__What is required__.
Return all the entries exactly. No pictures.

__Information__.
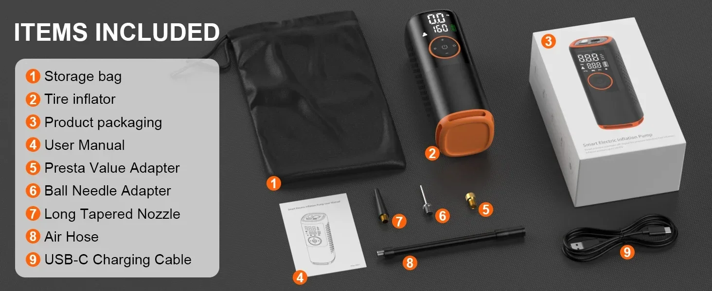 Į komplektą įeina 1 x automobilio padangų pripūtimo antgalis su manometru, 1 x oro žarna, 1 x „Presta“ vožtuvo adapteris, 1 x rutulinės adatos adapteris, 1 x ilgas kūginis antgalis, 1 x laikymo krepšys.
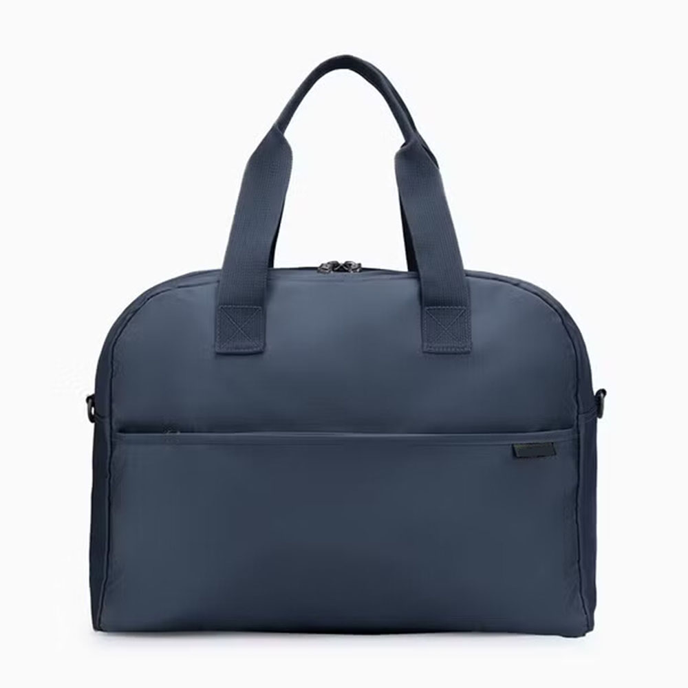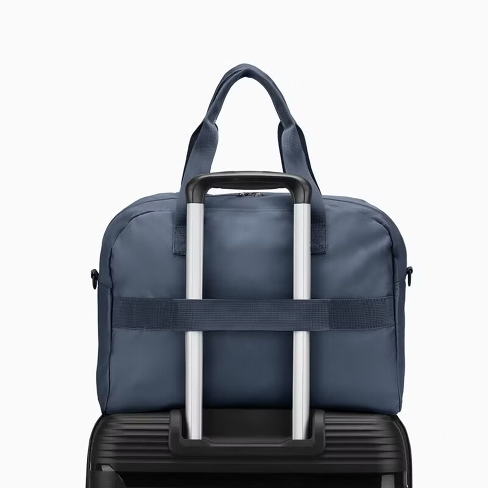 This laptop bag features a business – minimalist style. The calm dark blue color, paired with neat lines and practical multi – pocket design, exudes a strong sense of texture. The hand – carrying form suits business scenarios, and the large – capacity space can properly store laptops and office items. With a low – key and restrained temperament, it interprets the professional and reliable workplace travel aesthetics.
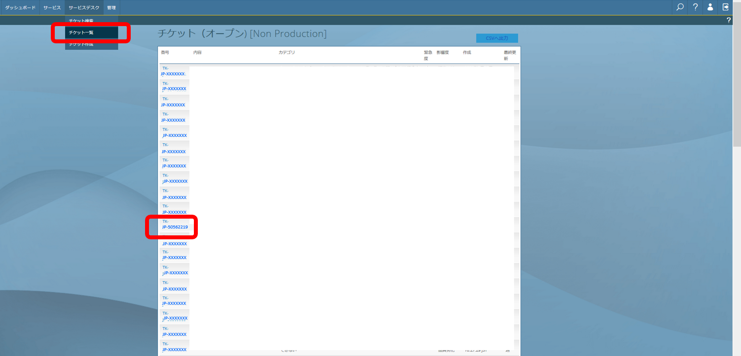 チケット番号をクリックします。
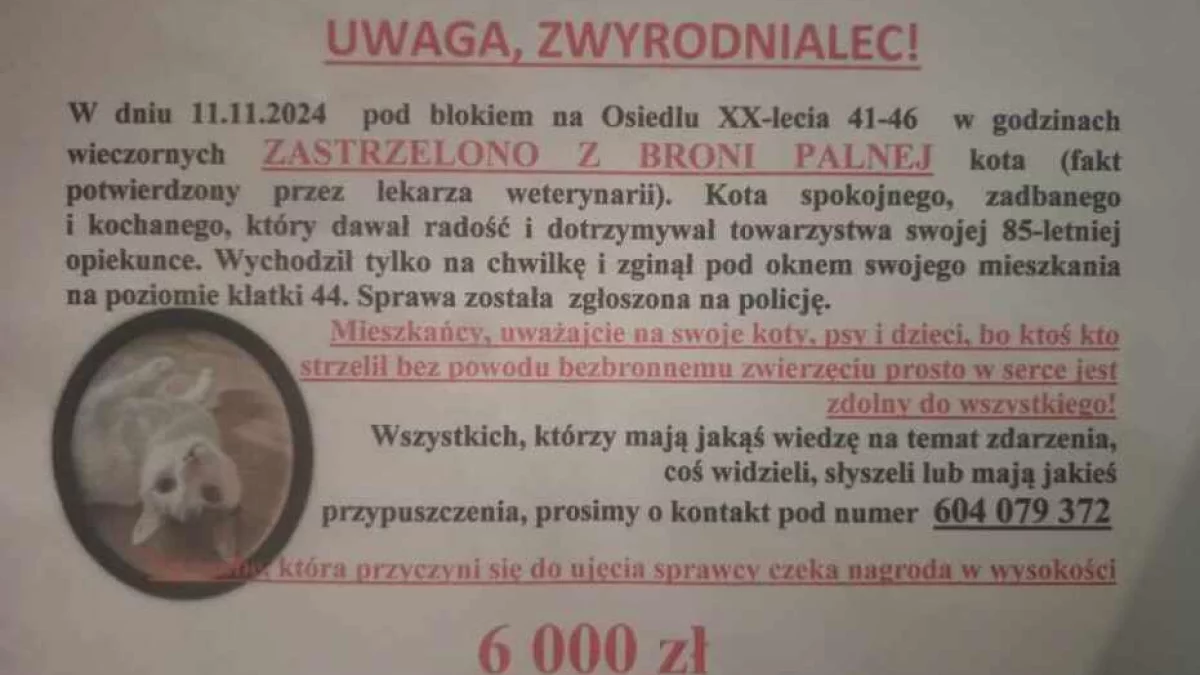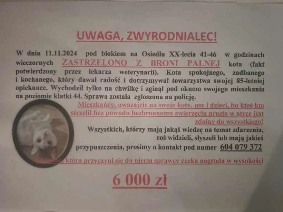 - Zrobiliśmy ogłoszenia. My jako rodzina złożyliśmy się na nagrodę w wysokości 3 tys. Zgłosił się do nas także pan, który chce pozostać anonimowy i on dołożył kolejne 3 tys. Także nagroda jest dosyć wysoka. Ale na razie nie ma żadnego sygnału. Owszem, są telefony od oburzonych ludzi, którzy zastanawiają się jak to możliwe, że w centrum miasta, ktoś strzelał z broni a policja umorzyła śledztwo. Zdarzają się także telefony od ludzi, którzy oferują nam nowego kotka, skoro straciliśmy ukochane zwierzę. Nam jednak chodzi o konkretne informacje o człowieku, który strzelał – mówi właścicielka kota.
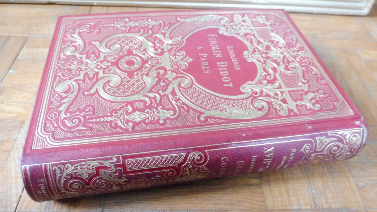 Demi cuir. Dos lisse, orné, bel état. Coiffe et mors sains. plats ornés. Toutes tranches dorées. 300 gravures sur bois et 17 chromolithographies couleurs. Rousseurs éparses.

__Result of this task__.
 Į komplektą įeina 1 x automobilio padangų pripūtimo antgalis su manometru, 1 x oro žarna, 1 x „Presta“ vožtuvo adapteris, 1 x rutulinės adatos adapteris, 1 x ilgas kūginis antgalis, 1 x laikymo krepšys.
 This laptop bag features a business – minimalist style. The calm dark blue color, paired with neat lines and practical multi – pocket design, exudes a strong sense of texture. The hand – carrying form suits business scenarios, and the large – capacity space can properly store laptops and office items. With a low – key and restrained temperament, it interprets the professional and reliable workplace travel aesthetics.
 チケット番号をクリックします。
 - Zrobiliśmy ogłoszenia. My jako rodzina złożyliśmy się na nagrodę w wysokości 3 tys. Zgłosił się do nas także pan, który chce pozostać anonimowy i on dołożył kolejne 3 tys. Także nagroda jest dosyć wysoka. Ale na razie nie ma żadnego sygnału. Owszem, są telefony od oburzonych ludzi, którzy zastanawiają się jak to możliwe, że w centrum miasta, ktoś strzelał z broni a policja umorzyła śledztwo. Zdarzają się także telefony od ludzi, którzy oferują nam nowego kotka, skoro straciliśmy ukochane zwierzę. Nam jednak chodzi o konkretne informacje o człowieku, który strzelał – mówi właścicielka kota.
 Demi cuir. Dos lisse, orné, bel état. Coiffe et mors sains. plats ornés. Toutes tranches dorées. 300 gravures sur bois et 17 chromolithographies couleurs. Rousseurs éparses.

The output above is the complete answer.